I
EN SUS PRIMEROS diez años de vida, a la revista Este País le ha tocado cubrir el fin de siglo, el fin de un régimen y el fin de las certidumbres. Un ejemplo: hace una década, a mediados del sexenio antepasado, cuando esta publicación salió a la luz, el salinato hacía planes para extender su programa político por 24 años. Posiblemente ese cálculo dejaba de lado factores como los movimientos sociales y ciudadanos, las pugnas internas del grupo en el poder y el dinámico desarrollo de los medios informativos nacionales.
De entonces a la fecha, y en un contexto de maduración cívica de la sociedad y de rupturas evidentes en la hegemonía política, los medios informativos rompieron la costra de uniformidad y alineamiento con el poder público, redujeron sustancialmente el terreno del discurso oficial, se enfrentaron a la lógica del mercado y consolidaron un poder propio que no siempre ha sido empleado de forma ética ni positiva.
En esta década hemos asistido, además, a la irrupción de intereses empresariales en los esquemas de propiedad de los medios.
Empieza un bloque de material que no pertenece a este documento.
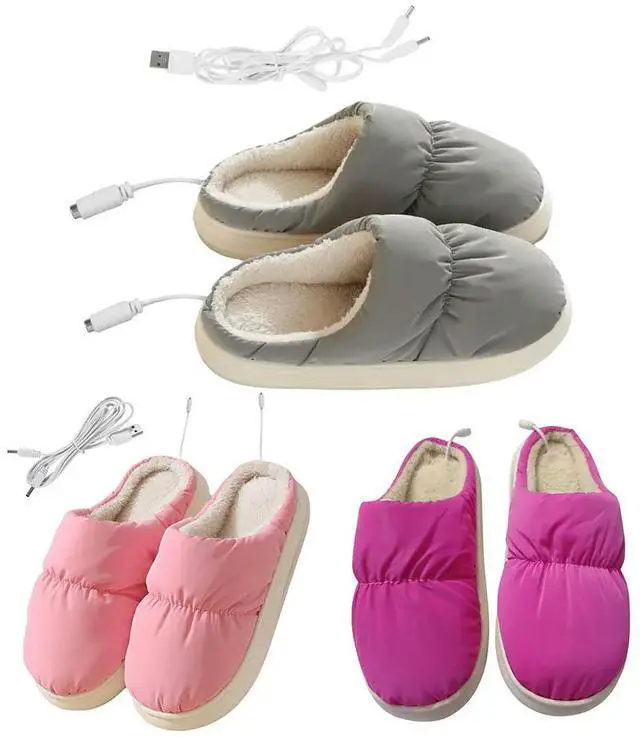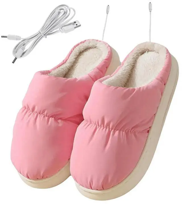 Electric Heating Slippers Adjustable Temperature Plush Heated Slippers Electric Foot Warmer Winter Heated Boots Christmas Gifts

Salvo excepciones como Proceso, La Jornada y Este País, casi todas las publicaciones periódicas impresas han debido subordinar el deber informativo al imperativo de la ganancia y de la rentabilidad.
Como consecuencia, las disputas por las audiencias y por los lectorados se han traducido, con frecuencia, en excesos, abusos y distorsiones de la tarea periodística. Los intereses políticoempresariales que guían a los grandes conglomerados de medios han empeñado su penetración y su cobertura para desvirtuar los hechos.
En esos afanes, o bien en la lucha por el rating, se ha recurrido a fuentes falsas, a noticias inventadas, a la difusión de materiales de procedencia ilícita, como grabaciones subrepticias de audio y video que no sólo son producto de un delito sino que vulneran el derecho a la privacidad de las personas.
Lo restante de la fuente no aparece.